In the next chapter we take advantage of the multi-lingual island parser and its H-AST model to model the information of artifacts whose primary nature is not textual. We start moving the first steps towards the definition of H-RSSE by cross-recommending items of heterogeneous nature like Stack Overflow discussions and YouTube videos in the same application.
8
Extracting Relevant Fragments from Software
Development Video Tutorials
The approaches and applications described in the previous chapters focus on textual artifacts like Stack Overflow discussions. Even though most of the artifacts perused by developers are of textual nature (i.e., bug reports, development emails), the knowledge needed by developers to understand a concept can be also acquired from other type of resources.
A prominent example are video tutorials, a new and emerging source of information that can be effective in providing a general and thorough introduction to a new technology, yet providing a learning perspective different and complementary to that offered by traditional, text-based sources of information [MSB15].
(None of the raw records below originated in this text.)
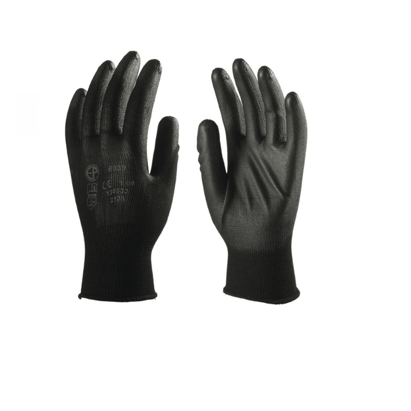 Tricoté 100 % polyester noir • Jauge 13 • Paume enduite de polyuréthane noir • Poignet élastique
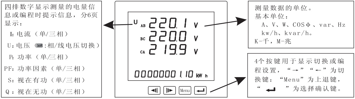 三排數字顯示測量的電量信息和編程時提示信息,分頁顯示:V:電壓,I:電流,P:總有功功率,Q:總無功功率,PF:總功率因素,F: 電網頻率,QA: A相無功功率,PFA: A功率因素,QB: B相無功功率,PFB: B功率因素,QC: C相無功功率,PFC: C功率因素;
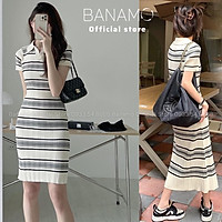 Váy chất len tăm nữ body cổ bẻ dáng dài co giãn tốt 545
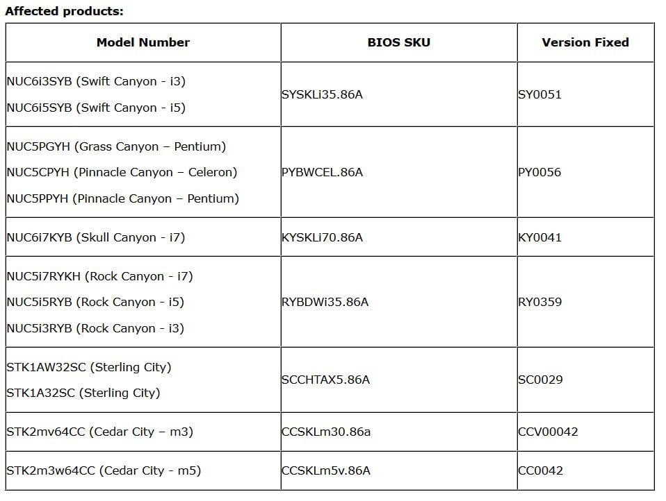 مدل های Swift Canyon،Grass Canyon و Pinnacle Canyon از جمله این کامپیوترها هستند. در این میان حتی کامپیوترهای Skull Canyon نیز در امان نبوده و مستعد این باگ هستند. کمپانی اینتل در واکنش به چنین مشکلی به سرعت نسخه ای جدید از بایوس این محصولات را منتشر و در اختیار کاربران خود قرار داده است که می تواند حفره ی امنیتی به وجود آمده را از میان بردارد.
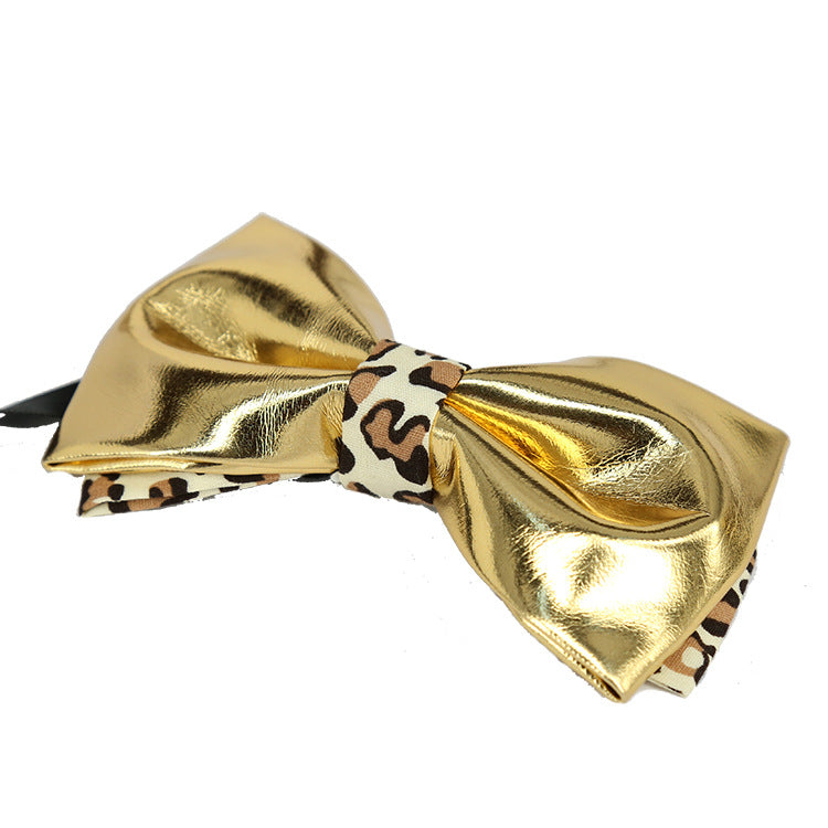 Lagoeo Leopard Print Gold Bow Tie T2003
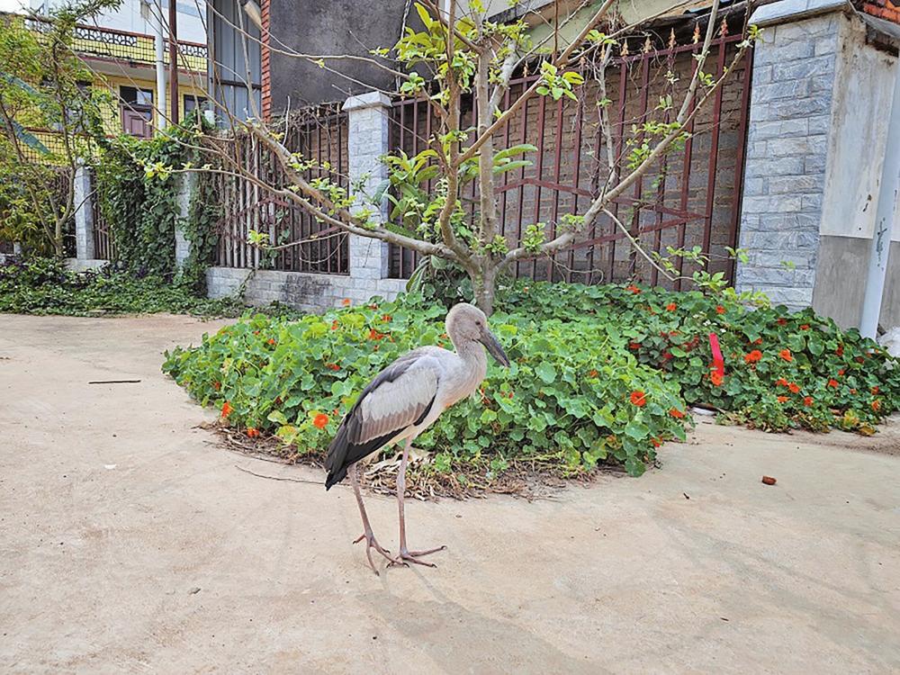 当天上午,林业站工作人员在院内巡查时,发现一只外形独特的大型鸟类。经辨认,该鸟通体灰白、飞羽泛黑,最显著的特征是长着一枚粗壮且闭合时留有明显缺口的钳状巨喙。经辨认,确定其为国家二级保护动物钳嘴鹳。面对工作人员的靠近,这只钳嘴鹳表现得十分温顺,安静地在院内驻足。
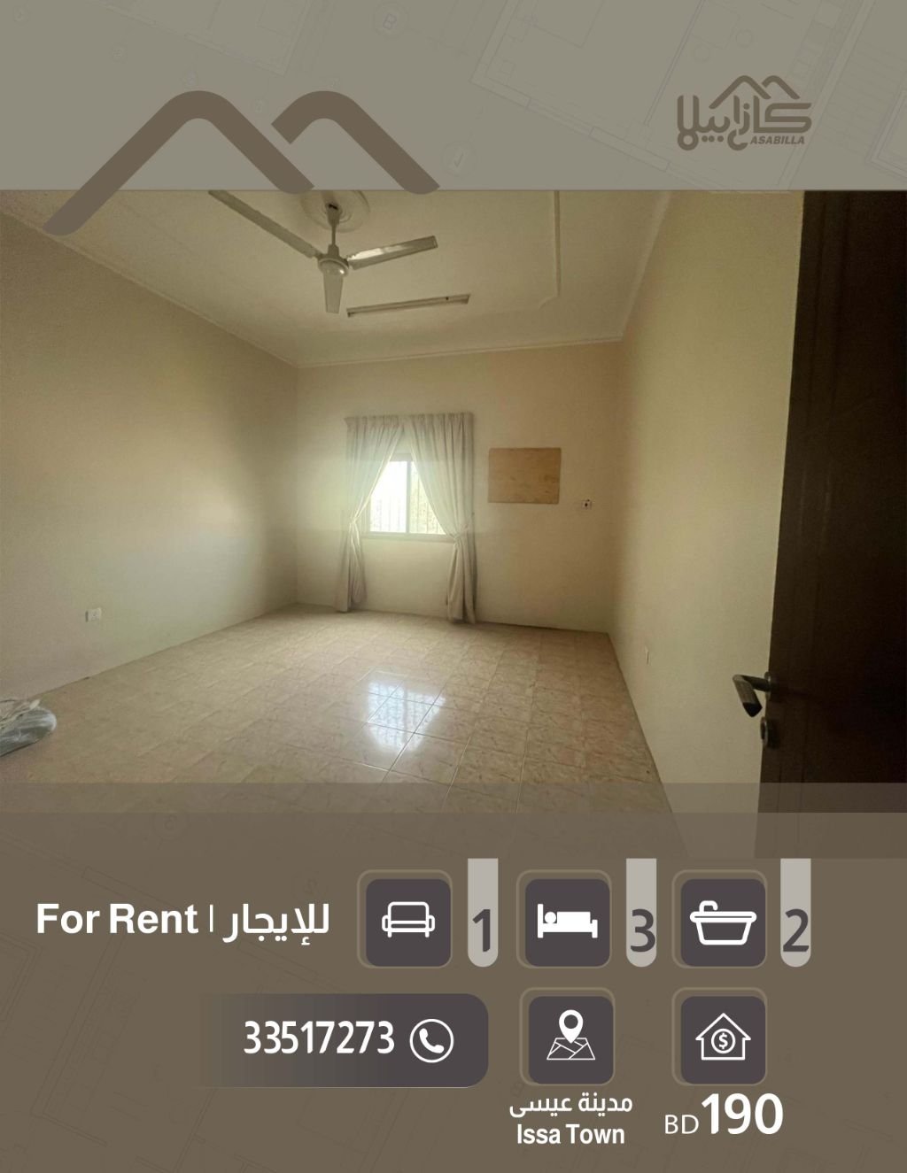 للإيجار: شقة في مدينة عيسى توبلي، شارع الخدمات، مناسبة للسكن العائلي. أولاً، تفاصيل الشقة: 3 غرف نوم، واحدة ماستر، حمامين، صالة، ومطبخ. ثانياً، المرافق والخدمات: قريبة من الخدمات، وتحتوي على بارك مظلل. الإيجار 190 دينار، غير شامل الكهرباء والماء. للتواصل.
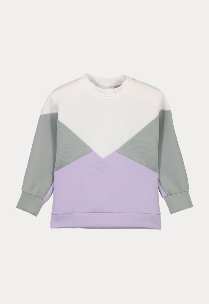 Features: Color Block Tunic Blouse Round Neck Long Sleeve Cuffed Sleeve Hem Band
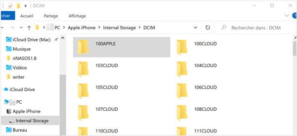 步骤 3. 进入"DCIM"文件夹,找到包含视频的文件夹(通常命名为类似"100APPLE"的名称)。
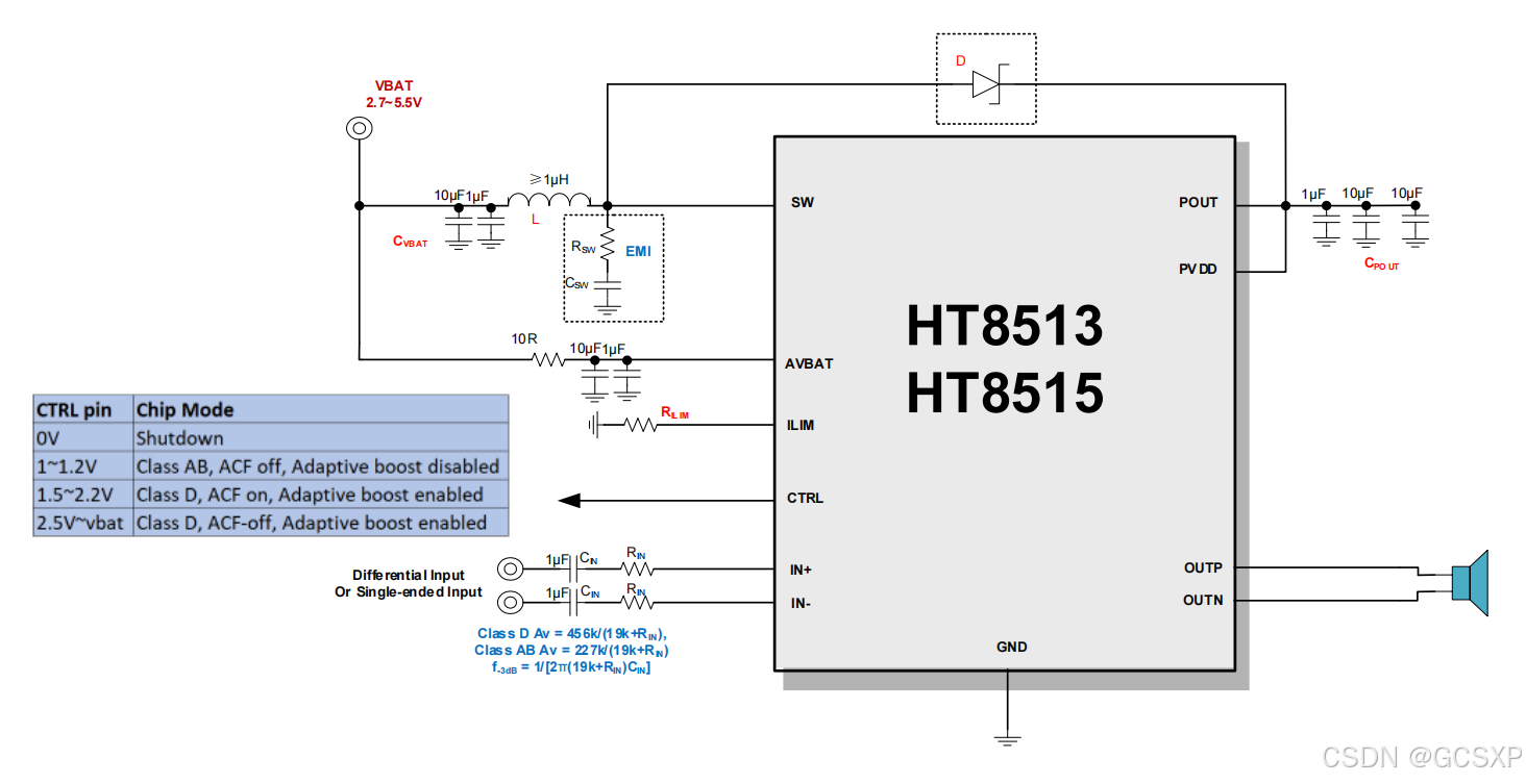 ● HT8513,HT8515的最大特点是防削顶失真(ACF)输出控制功能,可检测并抑制由于输入音乐、语音信号幅度过大所引起的输出信号削顶失真(破音),也能自适应地防止在BOOST升压电压下降所造成的输出削顶,显著提高音质,创造非常舒适的听音享受,并保护扬声器免受过载损坏。
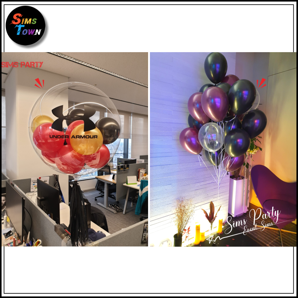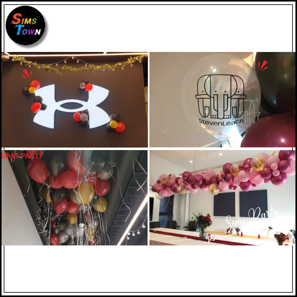 브랜드 로고를 새긴 것을 포함해, 해당 공간의 분위기에 어울리는 헬륨인쇄풍선장식들입니다 :)
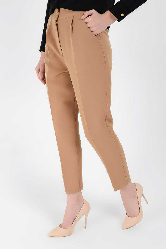 Fermuarlı Cep Detaylı Kalem Pantolon 0201 Taba
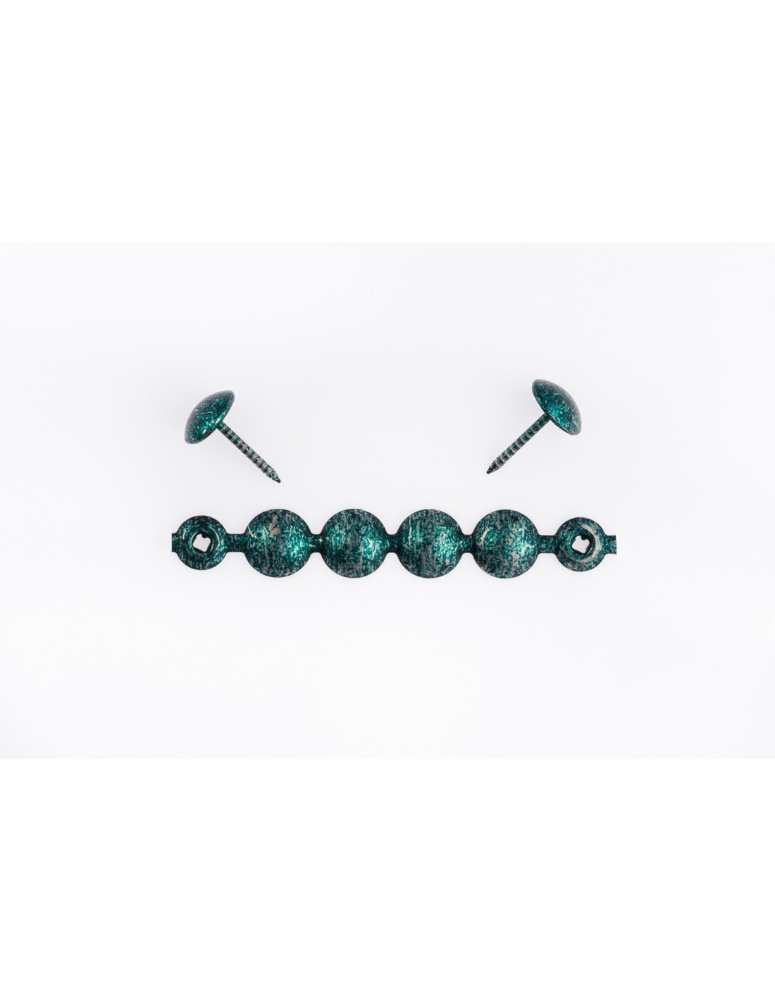 Reference 130 1/3. Nailhead trims with a diameter of 11mm. The length of the nailhead trim is 1mt. There is a hole every 4 false head. Boxes of 250mt and 6000 upholstery nails to match (to order separately - art. 1301/3). The head of these upholstery nails is embossed
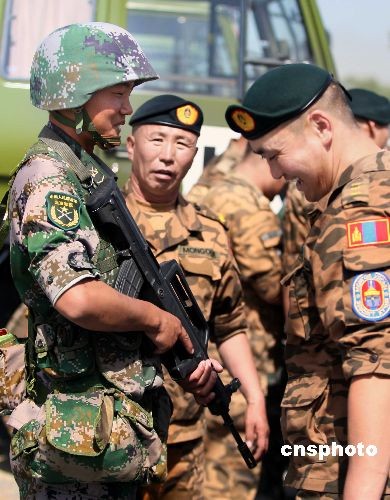 6月28日,北京持续高温天气,中国和蒙古“维和使命--2009”维和联合军事训练在北京地区某训练场举行开训仪式。这次联合训练按照联合国框架下维和分队担负的任务,分理论研究、共同训练、综合演练三个阶段展开。综合演练阶段将以执行联合国框架下维和任务为背景,演练执行运输与警戒防卫任务,中方参训分队主要由北京军区某集团军所属部队组成。中新社发 宋吉河 摄

Despite these benefits, there is still limited support for helping developers to find the relevant information they require within a video. In many cases, video tutorials are lengthy, and lack an index to allow finding specific fragments of interest.
In this chapter we present CodeTube, an approach to leverage the information found in video tutorials and other online resources. Given a textual query (e.g., “implementing an Android listener”) and the type(s) of video tutorial a developer is interested in (e.g., “theoretical concepts”, “code implementation”, “working environment setup”), CodeTube recommends video tutorial fragments relevant to the query and to the specific developer’s needs, and complements the recommended video tutorial fragments with related Stack Overflow discussions.
Structure of the Chapter
Section 8.1 reports the design and results of a study we run with the aim of identifying categories of development video tutorial fragments and investigating how video tutorials are composed. Section 8.2 details CodeTube, while Section 8.3, Section 8.4, and Section 8.5 describe and report the results of the three evaluations. Threats to validity are discussed in Section 8.6, while Section 8.7 concludes the chapter.
8.1
Investigating the Structure of Video Tutorials
Previous research on development video tutorials [MSB15] investigated the motivation and pur- pose of the whole tutorial, rather than looking deeper at its structure and content. Even if not explicitly stated, a video tutorial has an intrinsic structure embedded in the flow of actions performed by the tutor.
Table 8.1. Participants’ Occupation. Occupation Total % Faculty 1 2% PhD Student 3 7% Master Student 4 10% Undergraduate Student 31 76%
Professional Software Developer 2 5%
Total 41 100%
When it comes to devise an automated approach to analyze, fragment, classify, and index video tutorials, understanding the aforementioned structure of the original video is essential to provide, for example, advanced searching features.
The goal of this study is to understand which are the typical parts/sections composing a software development video tutorial (e.g., setting of the IDE, code writing, etc.). The context consists of objects, i.e., 150 video tutorials collected from YouTube, and participants, i.e., 41 computer science students/professors and professional developers manually tagging the different parts of the tutorials (e.g., “from 1:00 to 3:30 the tutorial shows how to set the IDE”).